Stat 411/511

Homework 5

Due Nov 13 on canvas

1

The tips data in the reshape package contains a dataset of tips recorded by a waiter. Take a look at the histograms produced by the code below and notice the two tippers with unusually high tip percentages.

library(ggplot2)
library(reshape2)
library(coin) # you might need to install this one if you haven't already
tips$percent <- with(tips, tip/total_bill * 100)
qplot(percent, data = tips) + facet_wrap(~ sex, ncol = 1)

plot of chunk unnamed-chunk-2

The following code, runs a two sample t-test and a wilcoxon rank sum test to compare male to female tippers, both with and without the two tippers with unusually high tip percentages.

library(reshape2)
library(coin) # you might need to install this one if you haven't already
tips$percent <- with(tips, tip/total_bill * 100)

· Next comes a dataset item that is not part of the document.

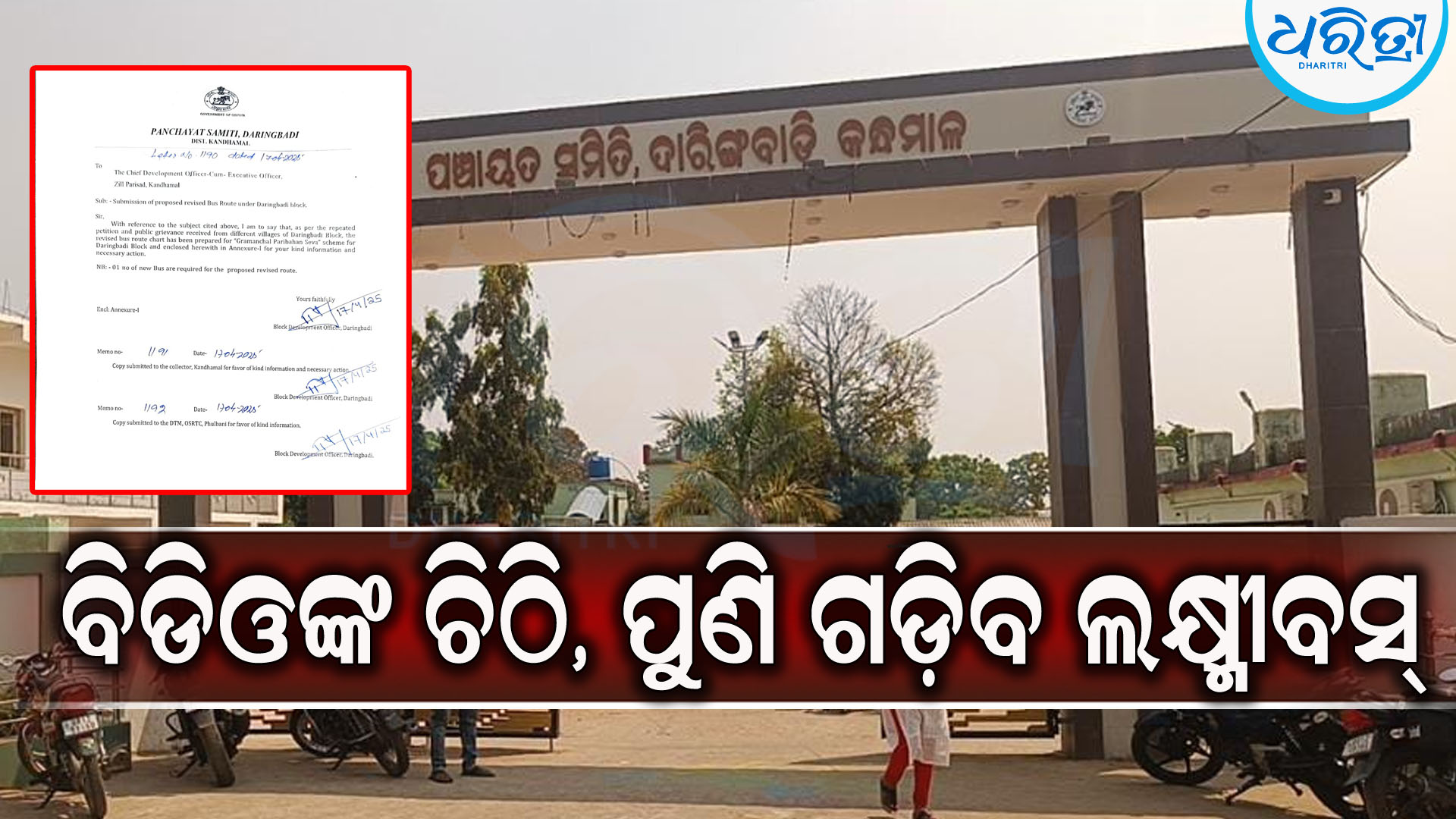ଦାରିଙ୍ଗବାଡ଼ି,୧୮ା୪(ଅରୁଣ ସାହୁ): ଦାରିଙ୍ଗବାଡ଼ିଠାରୁ ଫୁଲବାଣୀକୁ ପୁଣି ଥରେ ଶୀତ ତାପ ନିୟନ୍ତ୍ରଣ ଲକ୍ଷ୍ମୀବସ୍ ଚଳାଚଳ କରିବାକୁ ବାଟ ଖୋଲିଲା। ସ୍ଥାନୀୟ ବିଡିଓ ପ୍ରୀତିରଞ୍ଜନ ରଥ ଏନେଇ ଜିଲା ମୁଖ୍ୟ ଉନ୍ନୟନ ଅଧିକାରୀ- କମ୍-କାର୍ଯ୍ୟନିର୍ବାହୀ ଅଧିକାରୀ ଶମ୍ଭୁନାଥ ନନ୍ଦୀଙ୍କୁ ଚିଠି ଲେଖିଛନ୍ତି। ସେ ସେଥିରେ ଉଲ୍ହେଖ କରିଛନ୍ତି ଯେ, ଦାରିଙ୍ଗବାଡ଼ି ବ୍ଲକର ବିଭିନ୍ନ ଗ୍ରାମରୁ ବାରମ୍ବାର ବସ ଚଳାଚଳ କରାଯିବା ପାଇଁ ଜନସାଧାରଣ ବିଡିଓଙ୍କ ନିକଟରେ ନିବେଦନ କରୁଛନ୍ତି।

t.test(percent ~ sex, data = tips, var.equal = TRUE) # with outliers
t.test(percent ~ sex, data = subset(tips, percent < 40), var.equal = TRUE) # without outliers
wilcox_test(percent ~ sex, data = tips, conf.int = TRUE)  # with outliers
wilcox_test(percent ~ sex, data = subset(tips, percent < 40), conf.int = TRUE) # without outliers

For each test, compare the p-values and confidence intervals based on the data with and without the outlier. Based on your comparisons, does the Wilcoxon Rank Sum appear more resistent to outliers than the two sample t-test? Justify your answer.

2

The PlantGrowth dataset contains the dried weight of plants in a randomized experiment comparing two treatment conditions to a control.

head(PlantGrowth)
##   weight group
## 1   4.17  ctrl
## 2   5.58  ctrl
## 3   5.18  ctrl
## 4   6.11  ctrl
## 5   4.50  ctrl
## 6   4.61  ctrl
  1. Produce a plot of the data to compare the plant weights for the three conditions (control, treamtment 1 and treatment 2).

  2. Produce summary statistics of the weights (average, sd, and sample size) for the three conditions.

  3. Find the pooled standard deviation of weight and it’s degrees of freedom.

  4. Find the residual sum of squares for the full model (a different mean weight for each condition) and the reduced model (a single mean weight for each condition). Hint: see the code posted for the Nov 4 lecture.

  5. (a) Verify that the residual sum of squares for the full model is the pooled standard deviation squared, multiplied by it’s degrees of freedom.

    (b) Verify that the residual sum of squares for the reduced model is the squared standard deviation of all the weights (treated as being in one group, i.e. sd(PlantGrowth$weight)^2) multiplied by n-1.

  6. The sums of squares from part 4, are items 1 and 2 in Display 5.10 (in Sleuth and the lecture slides). Using Display 5.10 as a guide, fill in the rest of the ANOVA table by hand. (You can use R: 1 - pf(f.stat, df1, df2) to get the p-value). You can copy, paste and edit this table template to include your result in your R file:

    #' 
    #' 
    #'  Source of variation  |   Sum Sq    |  Df  |  Mean Sq  |  F statistic  |  p-value 
    #' --------------------- | ----------- | ---- | --------- | ------------- | ----------
    #'  **Between groups**   |   1927.08   |  6   |   321.2   |   6.718       | 6.096e-05 
    #'  **Within groups**    |   1864.45   |  39  |   47.81   |               |           
    #'  **Total**            |   3791.53   |  45  |           |               |           
    #'
    #'  Table: Analysis of Variance Table
    #'
    
  7. Summarise the results of the F-test in a statistical summary (one sentence).

  8. Find a 95% confidence interval for the treament effect of treatment 1 compared to the control, and report the result in a sentence.